Уже на аэродроме летчики пристегнули парашюты и надели летные шлемы. Хью чувствовал себя очень неуклюжим, и у него был короткий момент паники, когда он попытался завести двигатель своего самолета и обнаружил, что он глохнет в агонии. А что, если он вообще не заведется? И это в первый же боевой вылет! Неожиданно чихающий двигатель пробудился к жизни, и его неровный кашляющий звук превратился в громогласный рев.

Из кабины своего самолета Джеймс поднял большой палец руки в перчатке, и «харрикейны» побежали по взлетной дорожке от запасного аэродрома нестройными рядами.

Отрыв от земли был таким внезапным, что Хью еще не приходилось ощущать подобного, взлетая с полей на ранчо в Миссури.

Когда его самолет подпрыгивал и спотыкался на узкой дорожке, предназначенной под взлетную полосу, обслуживающий персонал аэродрома закапывал воронки от бомб до последней минуты, разбегаясь перед машинами в разные стороны.

Один из «харрикейнов» так и не взлетел, и по радио Хью слышал, как отчаянный голос жаловался:

— О черт! Простите, командир, моя лошадь сломала ногу в одной из этих проклятых ям. Я присоединюсь к вам на оставшемся «харрикейне». Не ждите меня, я догоню вас попозже.

Теперь в воздухе было только два опытных летчика и три новичка, совершающих свой первый вылет.

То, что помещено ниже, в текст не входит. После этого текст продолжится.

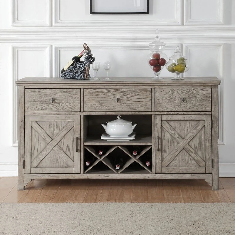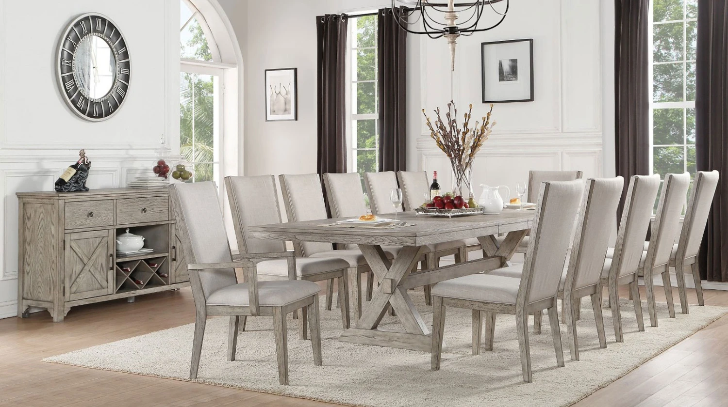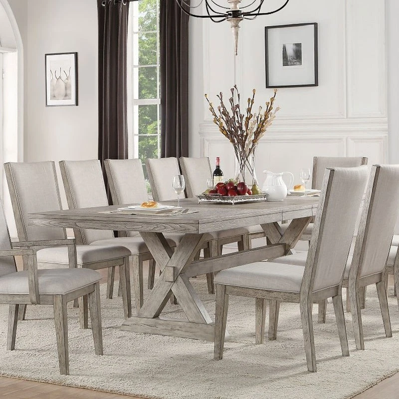 - OverviewThis Rocky Dining Room Collection by Acme Furniture will be an ideal set for any dining room. Featuring in a gray oak finish, the dining table with trestle base and its matching chair create a rustic style look to your dining space. A matching server with wine rack is also available to enhance your dining experience.

Это был кошмар для идущего впереди, но когда новичок, который остался без своего ведущего, взлетел в небо за Хью, голос Кэмерона по радио был такой спокойный, как будто они обсуждали тактику полетов в классе у школьной доски.

По мере того как они направлялись все восточнее от разбитого аэродрома, постоянно набирая высоту, Хью постепенно стал чувствовать свою машину и испытывал то же радостное возбуждение, как было всегда, когда он управлял самолетом. Но это был не именинный подарок фирмы «Пайпер». «Харрикейн» фирмы «Хоукер» — военный самолет со скоростью триста двадцать восемь миль в час, с двигателем тысяча тридцать лошадиных сил. Из четырех гнезд на каждом крыле виднелись трехсоттрехмиллиметровые пулеметы «Браунинг», несущие заряд в две тысячи четыреста патронов, которые все могут кончиться за пятнадцать секунд, если пилот в волнении слишком долго оставит палец на пусковой кнопке.

— Синие! Вектор пятьдесят градусов слева. Подтягивайся, двойка, ты отстаешь. Мы не хотим тебя потерять.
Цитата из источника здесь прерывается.